--- TASK INPUT Enclosed Below ---

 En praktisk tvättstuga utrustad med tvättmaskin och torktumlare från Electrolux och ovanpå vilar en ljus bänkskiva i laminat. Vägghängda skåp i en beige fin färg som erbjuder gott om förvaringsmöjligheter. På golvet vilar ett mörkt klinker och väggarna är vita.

--- End of Enclosed TASK INPUT ---
--- TASK INPUT Enclosed Below ---

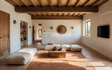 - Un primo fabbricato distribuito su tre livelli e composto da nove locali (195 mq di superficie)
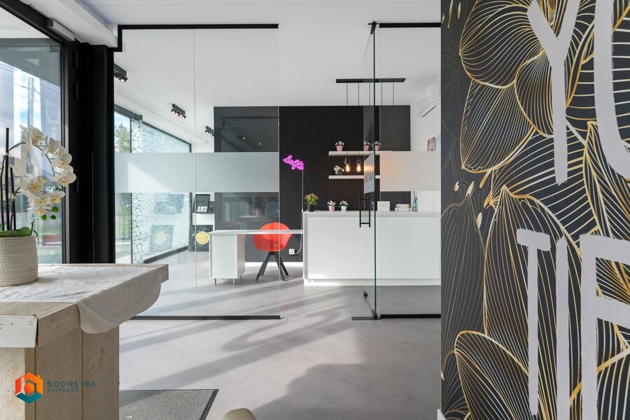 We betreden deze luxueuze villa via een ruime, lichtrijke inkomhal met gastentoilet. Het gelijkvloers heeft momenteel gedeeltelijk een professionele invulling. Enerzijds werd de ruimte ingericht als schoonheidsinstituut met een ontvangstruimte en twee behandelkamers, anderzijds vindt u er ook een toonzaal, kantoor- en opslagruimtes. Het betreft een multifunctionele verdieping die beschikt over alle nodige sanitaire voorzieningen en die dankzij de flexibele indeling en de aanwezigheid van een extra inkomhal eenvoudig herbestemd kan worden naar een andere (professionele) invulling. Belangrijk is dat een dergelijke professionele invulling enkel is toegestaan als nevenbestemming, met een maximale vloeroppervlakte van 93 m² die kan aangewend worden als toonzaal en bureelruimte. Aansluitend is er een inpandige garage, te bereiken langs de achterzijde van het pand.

--- End of Enclosed TASK INPUT ---
--- TASK INPUT Enclosed Below ---

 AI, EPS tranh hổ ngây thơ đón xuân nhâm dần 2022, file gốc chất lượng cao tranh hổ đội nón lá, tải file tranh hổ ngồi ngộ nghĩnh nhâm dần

--- End of Enclosed TASK INPUT ---

WORK ORDER
Transcribe only the lines above that start at the line containing "- Un primo fabbricato" and end at the line containing "We betreden deze". Omit pictures.

RESPONSE AREA
 - Un primo fabbricato distribuito su tre livelli e composto da nove locali (195 mq di superficie)
 We betreden deze luxueuze villa via een ruime, lichtrijke inkomhal met gastentoilet. Het gelijkvloers heeft momenteel gedeeltelijk een professionele invulling. Enerzijds werd de ruimte ingericht als schoonheidsinstituut met een ontvangstruimte en twee behandelkamers, anderzijds vindt u er ook een toonzaal, kantoor- en opslagruimtes. Het betreft een multifunctionele verdieping die beschikt over alle nodige sanitaire voorzieningen en die dankzij de flexibele indeling en de aanwezigheid van een extra inkomhal eenvoudig herbestemd kan worden naar een andere (professionele) invulling. Belangrijk is dat een dergelijke professionele invulling enkel is toegestaan als nevenbestemming, met een maximale vloeroppervlakte van 93 m² die kan aangewend worden als toonzaal en bureelruimte. Aansluitend is er een inpandige garage, te bereiken langs de achterzijde van het pand.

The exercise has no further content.